Friday, June 23, 2017

Don't do it, Kazakhstan

Kazakhstan would be stupid to agree to a Russian plan to send Kazakhstani soldiers to Syria. Under any such plan, the Kazakhstanis would intervene on the Russian side of the conflict. That is, they would be there to prop up the Assad regime and to oppose both ISIS and the various rebel factions supported by Turkey, and the U.S. If they did that, it would completely ruin Kazakhstan's carefully cultivated image as a neutral party to host peace talks. It would also potentially damage relations with Turkey and the U.S., two countries that Kazakhstan has very good relations with.

What it has always been about

Trump's favorite middle eastern country is demanding that Qatar shut down the closest thing the Arab world has to an independent news channel before it lift the blockade of its neighbor.

This is not about "terrorism." It is about suppressing criticism of the Saudi royal family and its friends. That is really all that the Saudi leadership ever cares about.

Wednesday, June 21, 2017

What is the Saudis' deal?

Is Saudi Arabia still projected to run out of money in the next few years? A year or two ago, when it became clear that low oil prices was the new normal, there were all these articles noting that because KSA needed oil to be at least $106/barrel to balance its budget it was spending down its cash reserves at a furious pace and was projected to run out before 2021. Oil is currently trading below $43/barrel, and yet Saudi Arabia is still acting like a dickish economic superpower.

Either something has changed (and if so, what changed?) or the Saudis are living on borrowed time and they know it. So why such a brash foreign policy? Are they just putting themselves in as strong a position possible before their inevitable crash? Or are they just living in denial and/or betting there will be a new surge in oil prices?

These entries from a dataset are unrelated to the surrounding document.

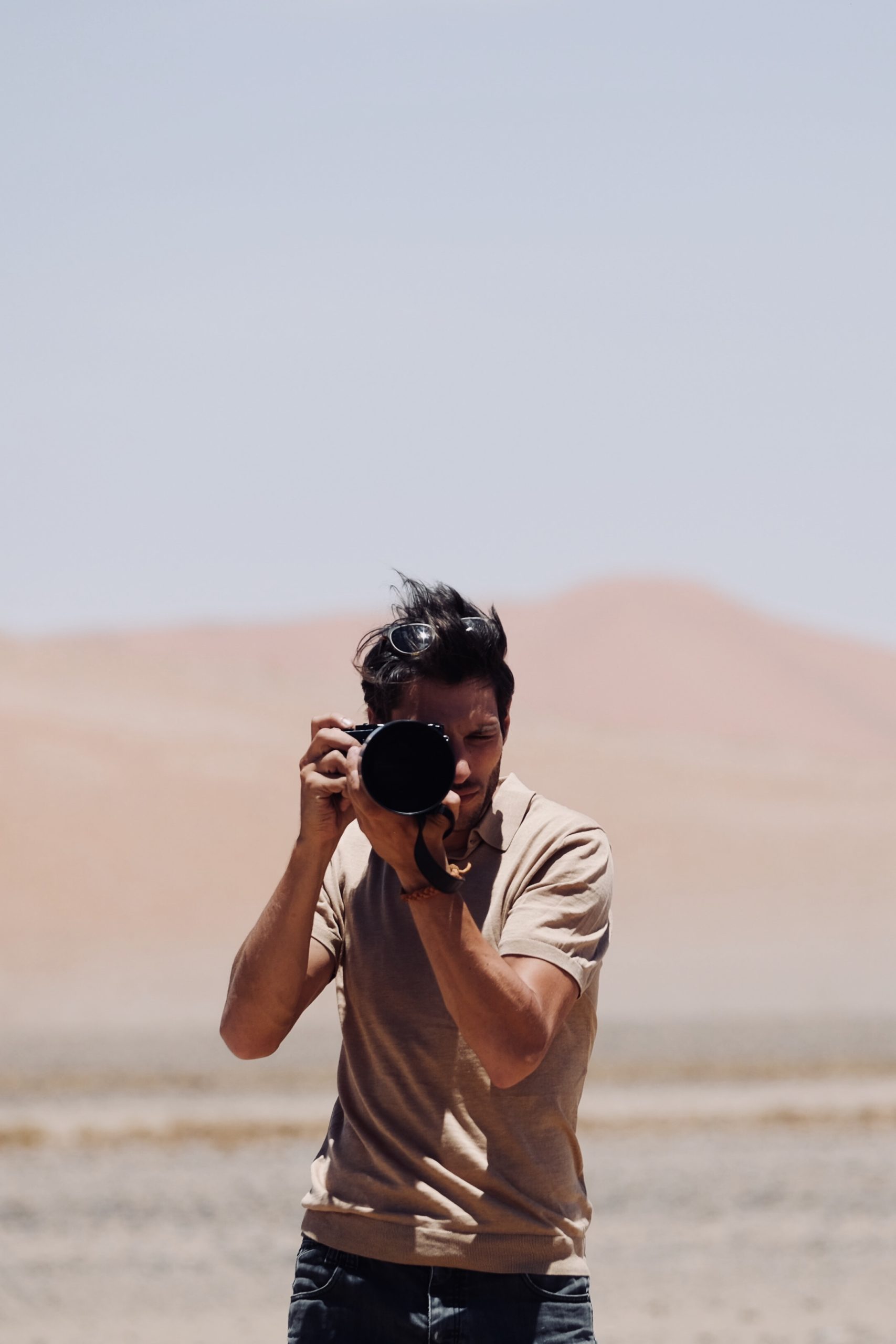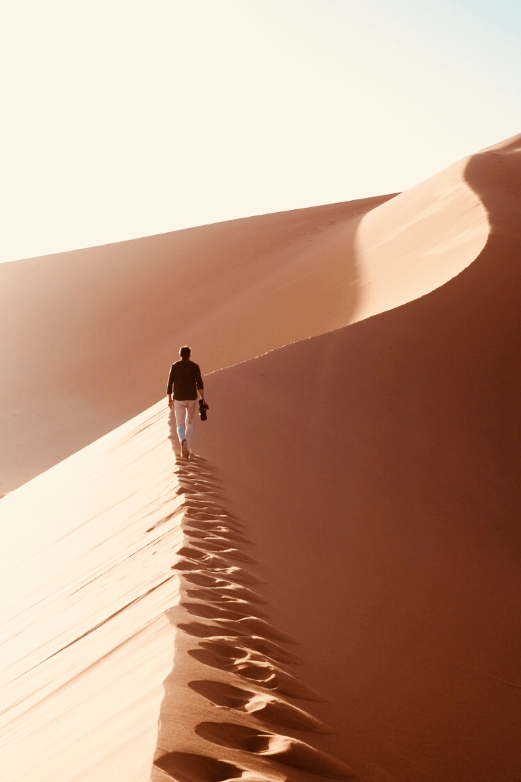 Seuls à laisser les premières traces de la journée, entourés d’immenses étendues de sable.
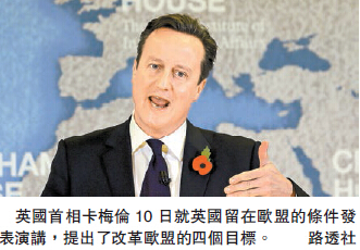 【香港商報網訊】英國首相卡梅倫10日就英國留在歐盟的條件發表演講,提出了改革歐盟的4個目標,涉及歐盟經濟治理、競爭力、主權、移民等多個領域,稱如果這些條件得不到滿足,將不排除允許英國通過公投脫離歐盟。
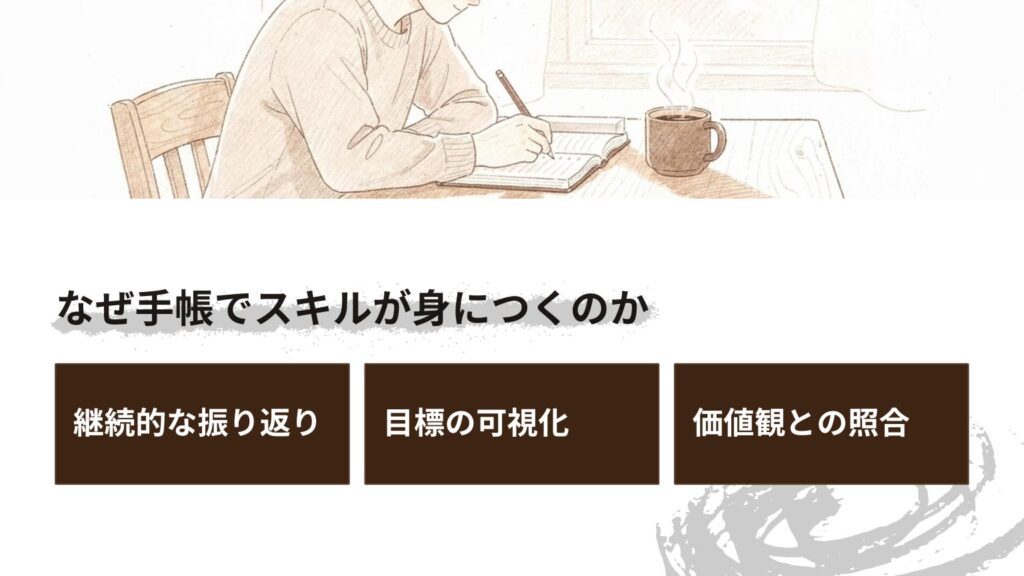 手帳を使うことでスキルが身につく理由は3つあります:
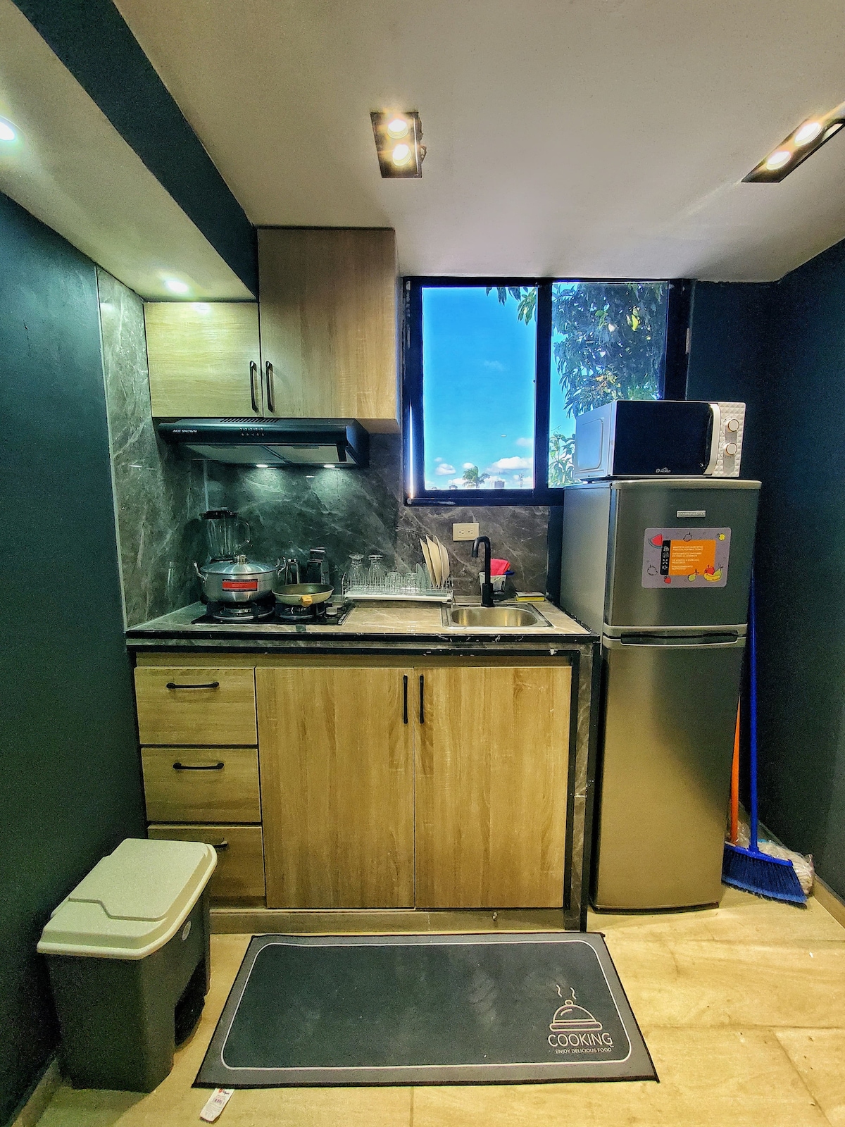 Vergiss deine Sorgen in diesem geräumigen und ruhigen Raum. Du wohnst an einem Ort, der ein Schlafzimmer mit einem Kleiderschrank, ein eigenes Badezimmer und eine Sitzecke zum Entspannen umfasst, die mit einer Küchenzeile ausgestattet ist, um einfache tägliche Mahlzeiten zuzubereiten.
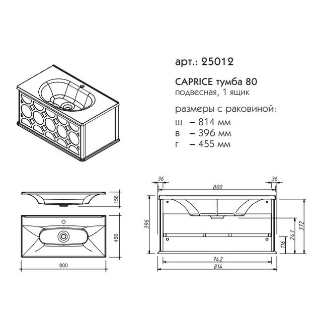 Тумба CAPRICE 80 производится только в отделках цветными эмалями без патинирования, двуцветие (круги) один выдвижной ящик раковина литьевой мрамор. возможная комплектация раковиной (стеклокерамика)55860 раковины приобретаются отдельно
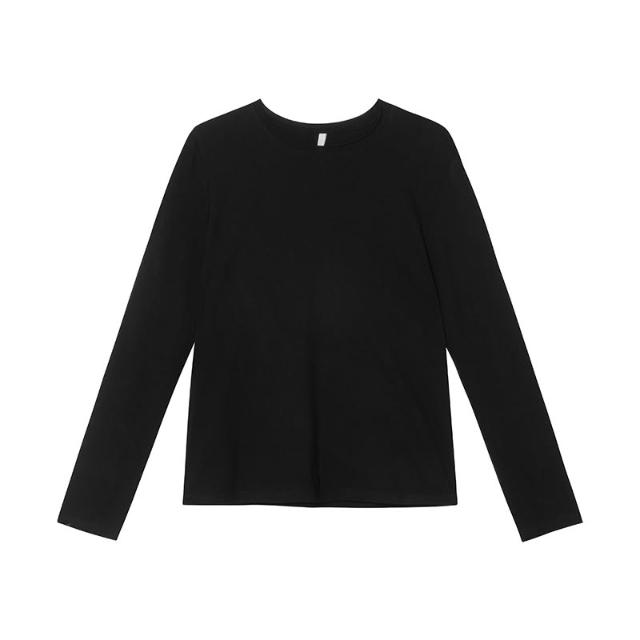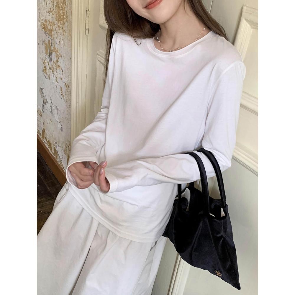 純色寬鬆純棉長袖t恤女新款小個子簡約內搭打底衫
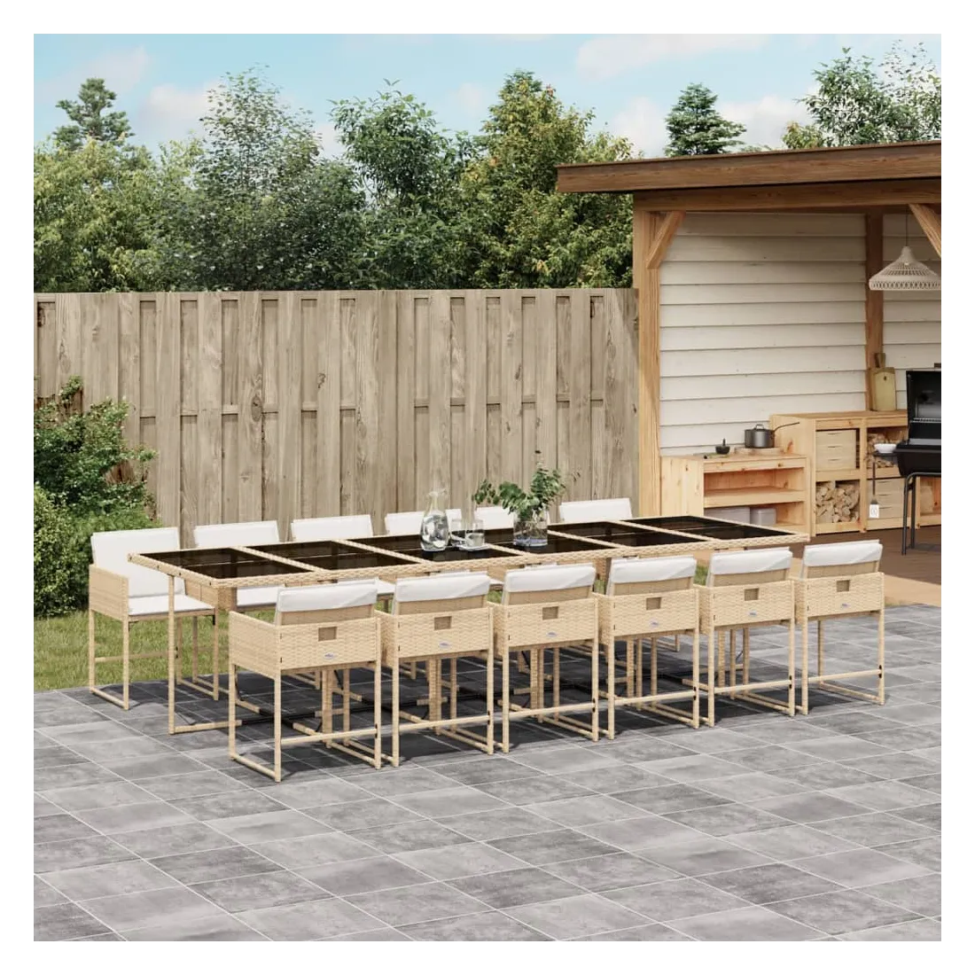 Cet ensemble de salle à manger de jardin est un excellent choix pour les repas en plein air ou pour vous détendre dans le jardin, dans l'arrière-cour ou sur la terrasse. Matériau durable : la résine tressée, également connue sous le nom de poly rotin, est un matériau synthétique solide et nécessitant peu d'entretien qui ressemble au rotin naturel. Il est léger, facile à nettoyer et couramment utilisé pour les meubles d'extérieur en raison de sa durabilité et de ses propriétés de résistance aux intempéries.Rangement compact : ces chaises sont dotées d'un dossier rabattable, ce qui permet de les ranger facilement sous la table. Une fois pliées, elles se rangent parfaitement sous la table, formant un cube peu encombrant.Expérience d'assise confortable : ce mobilier d'extérieur, doté de coussins épais, offre une expérience d'assise confortable.Housse amovible et lavable : ces coussins de siège sont dotés de housses amovibles pour un lavage et un entretien faciles. Les housses de coussin ont un rabat à l'arrière pour une fixation facile aux dossiers.Dessus en verre : le dessus de la table d'extérieur est fabriqué en verre trempé solide et durable, ce qui le rend facile à nettoyer avec un chiffon humide et ajoute une touche d'élégance à votre espace extérieur. Bon à savoir :Pour que vos meubles d'extérieur restent beaux, nous vous recommandons de les protéger avec une housse imperméable.

By law I must write a post about what Ossoff's loss means

I get the whole "yeah but they overperformed" argument. But the bottom line is that argument won't appeal to anyone but the wonkiest political wonks. To everyone else, it's just four consecutive losses for Democrats.

There are two things these recent special elections could have done for the Democrats: (1) predicted a big enough victory in the 2018 midterms for the Democrats to retake house, and (2) scared the Republicans into changing their behavior right now. Those are different things (although they are related), For #2 to happen, Ossoff had to win (and if you wanted total Republican panic, they would have had to also lose in KS, MT, or SC).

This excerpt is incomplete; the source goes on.